Sign in to post your reply or Sign up for a free account.

Similar topics

5
by: Edward K. Ream | last post by:
Am I reading pep 277 correctly? On Windows NT/XP, should filenames always be converted to Unicode using the mbcs encoding? For example, myFile = unicode(__file__, "mbcs", "strict") This...
1
by: Jonathon Blake | last post by:
All: Question Python is currently Unicode Compliant.

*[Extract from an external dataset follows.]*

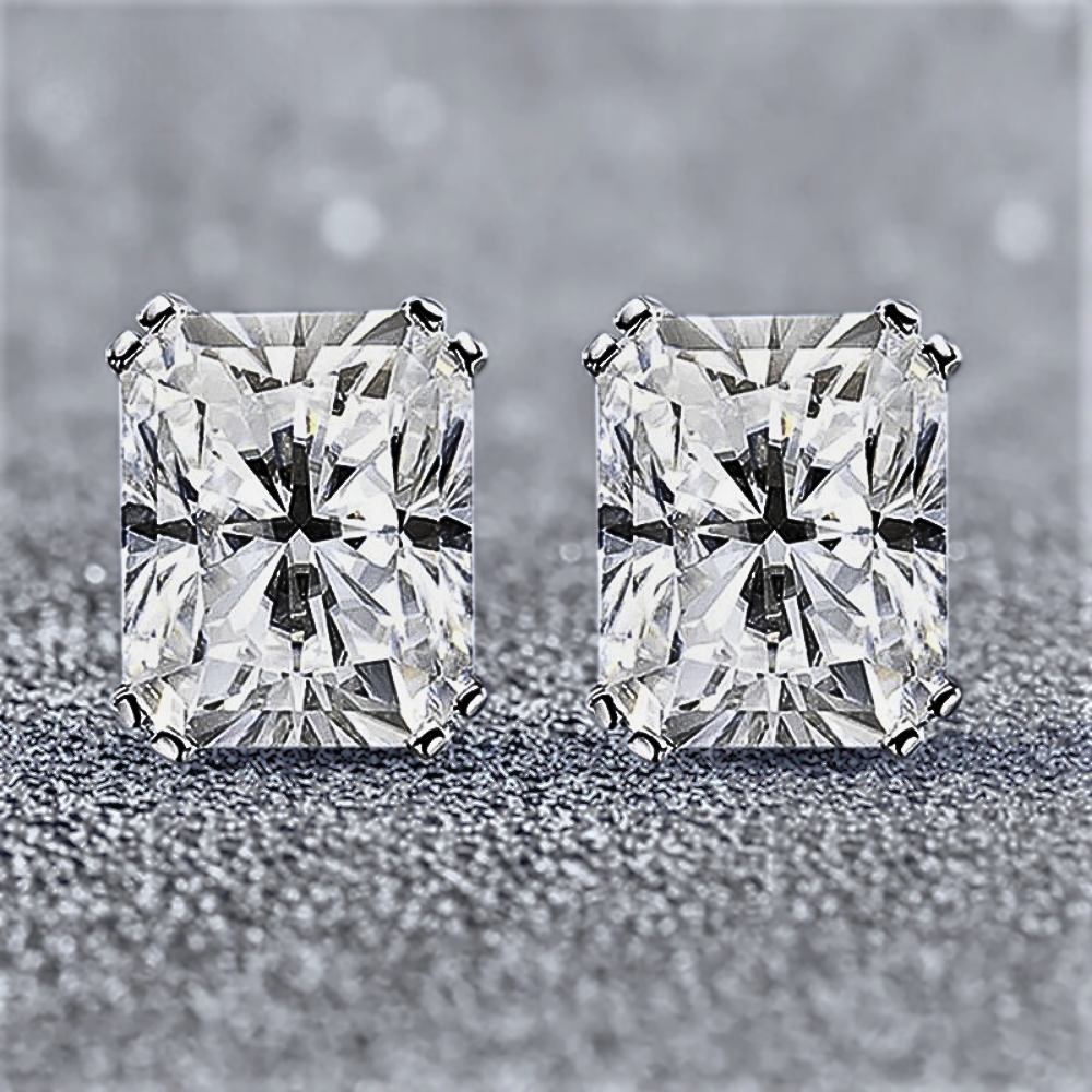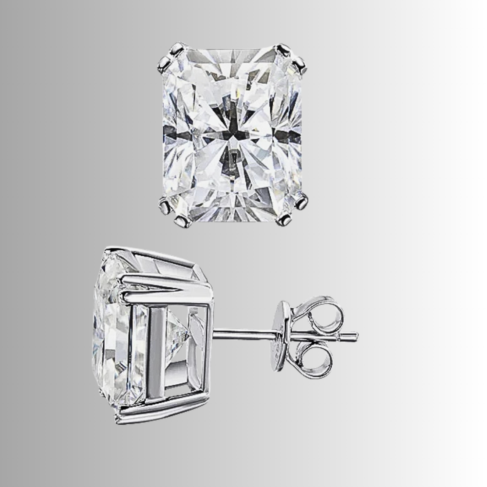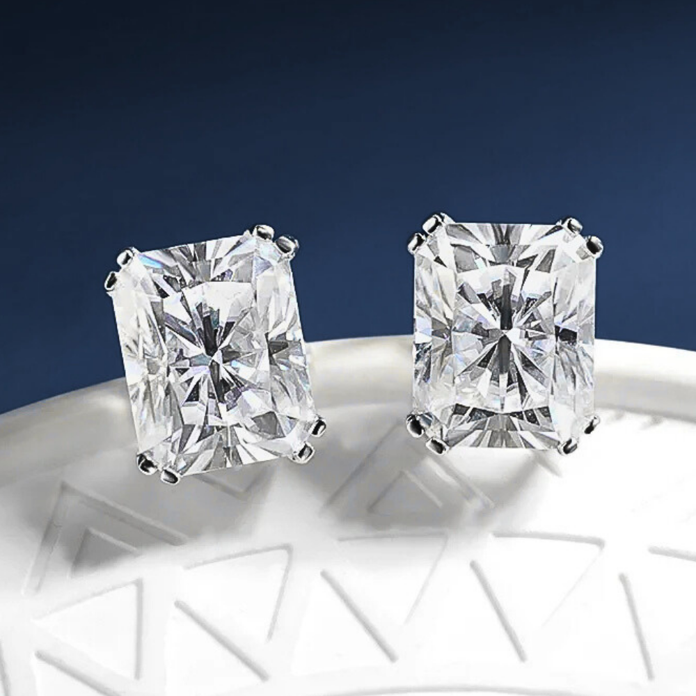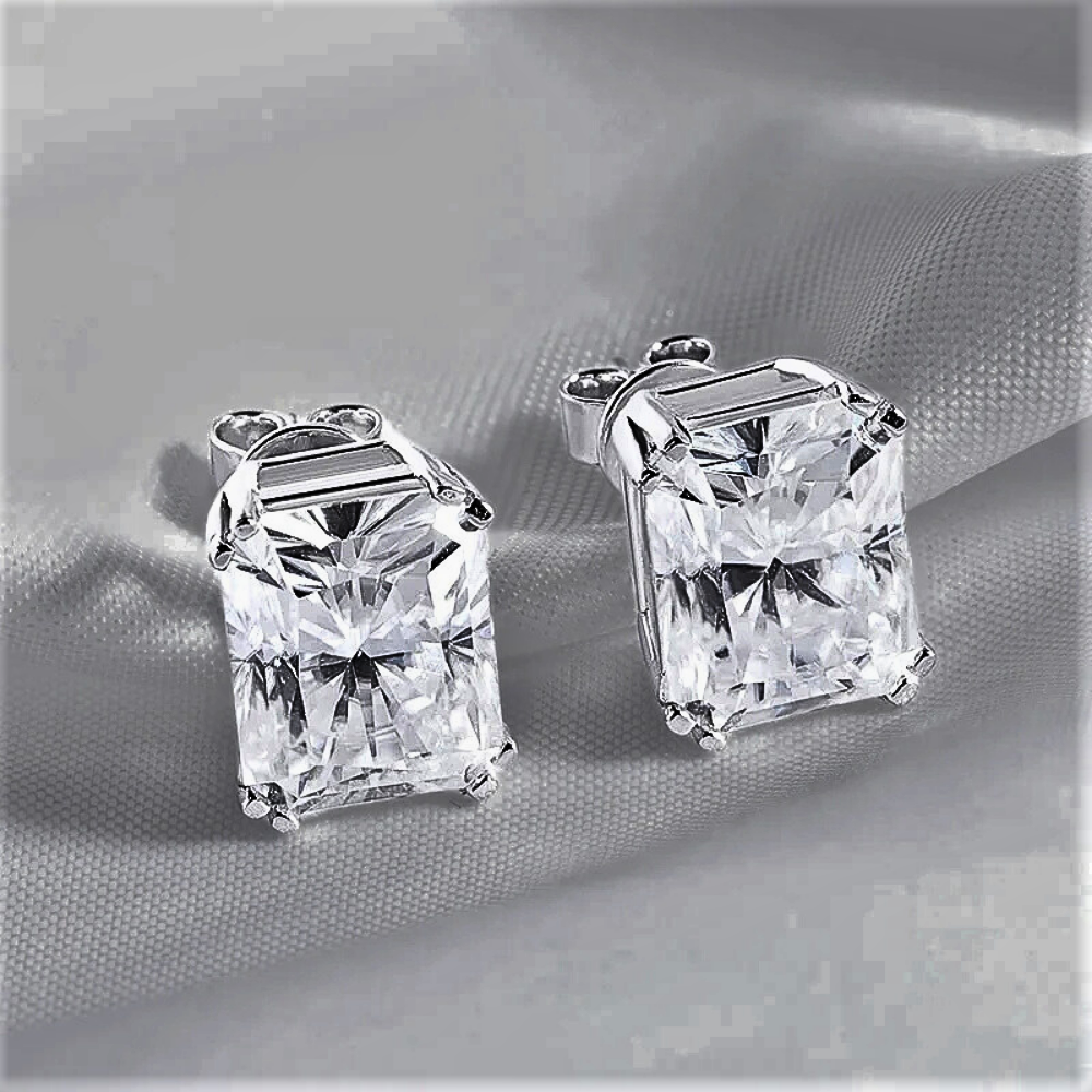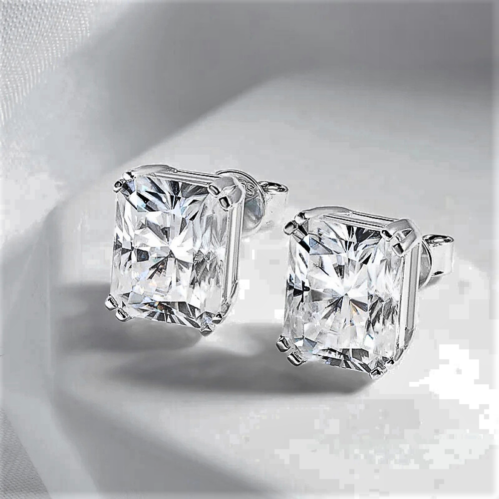 Linee pulite, proporzioni equilibrate e una brillantezza intensa definiscono questi orecchini punto luce con moissanite taglio Radiant. La forma rettangolare con angoli smussati unisce la struttura elegante del taglio smeraldo alla vivacità del taglio brillante, creando riflessi profondi e dinamici. Il risultato è una luce più ampia e stratificata, capace di valorizzare i lineamenti con presenza sofisticata ma sempre armoniosa.

What happens when strings are read in from text files that were created using GB 2312-1980, or KPS 9566-2003, or other, equally...
3
by: anthony hornby | last post by:
Hi, I am starting my honours degree project and part of it is going to be manipulating ASCII encoded XML files from a legacy database and converting them to Unicode and doing text processing stuff...
4
by: webdev | last post by:
lo all, some of the questions i'll ask below have most certainly been discussed already, i just hope someone's kind enough to answer them again to help me out.. so i started a python 2.3...
7
by: Robert | last post by:
Hello, I'm using Pythonwin and py2.3 (py2.4). I did not come clear with this: I want to use win32-fuctions like win32ui.MessageBox, listctrl.InsertItem ..... to get unicode strings on the...
15
by: John Salerno | last post by:
Forgive my newbieness, but I don't quite understand why Unicode is still something that needs special treatment in Python (and perhaps elsewhere). I'm reading Dive Into Python right now, and it...
4
by: laxmikiran.bachu | last post by:
Can we have change a unicode string Type object to a Tuple type object.. If so how ????
1
by: Peter Robinson | last post by:
Dear list I am at my wits end on what seemed a very simple task: I have some greek text, nicely encoded in utf8, going in and out of a xml database, being passed over and beautifully displayed...
1
by: nkarkhan | last post by:
Hello, I have a list of strings, some of the strings might be unicode. I am trying to a .join operation on the list and the .join raises a unicode exception. I am looking for ways to get around...
0
by: Charles Arthur | last post by:
How do i turn on java script on a villaon, callus and itel keypad mobile phone
0
by: ryjfgjl | last post by:
In our work, we often receive Excel tables with data in the same format. If we want to analyze these data, it can be difficult to analyze them because the data is spread across multiple Excel files...
0
by: emmanuelkatto | last post by:
Hi All, I am Emmanuel katto from Uganda. I want to ask what challenges you've faced while migrating a website to cloud. Please let me know. Thanks! Emmanuel
0
BarryA
by: BarryA | last post by:
What are the essential steps and strategies outlined in the Data Structures and Algorithms (DSA) roadmap for aspiring data scientists? How can individuals effectively utilize this roadmap to progress...
1
by: nemocccc | last post by:
hello, everyone, I want to develop a software for my android phone for daily needs, any suggestions?
1
by: Sonnysonu | last post by:
This is the data of csv file 1 2 3 1 2 3 1 2 3 1 2 3 2 3 2 3 3 the lengths should be different i have to store the data by column-wise with in the specific length. suppose the i have to...
0
marktang
by: marktang | last post by:
ONU (Optical Network Unit) is one of the key components for providing high-speed Internet services. Its primary function is to act as an endpoint device located at the user's premises. However,...
0
by: Hystou | last post by:
Most computers default to English, but sometimes we require a different language, especially when relocating. Forgot to request a specific language before your computer shipped? No problem! You can...
0
by: Hystou | last post by:
Overview: Windows 11 and 10 have less user interface control over operating system update behaviour than previous versions of Windows. In Windows 11 and 10, there is no way to turn off the Windows...

By using Bytes.com and it's services, you agree to our Privacy Policy and Terms of Use.

To disable or enable advertisements and analytics tracking please visit the manage ads & tracking page.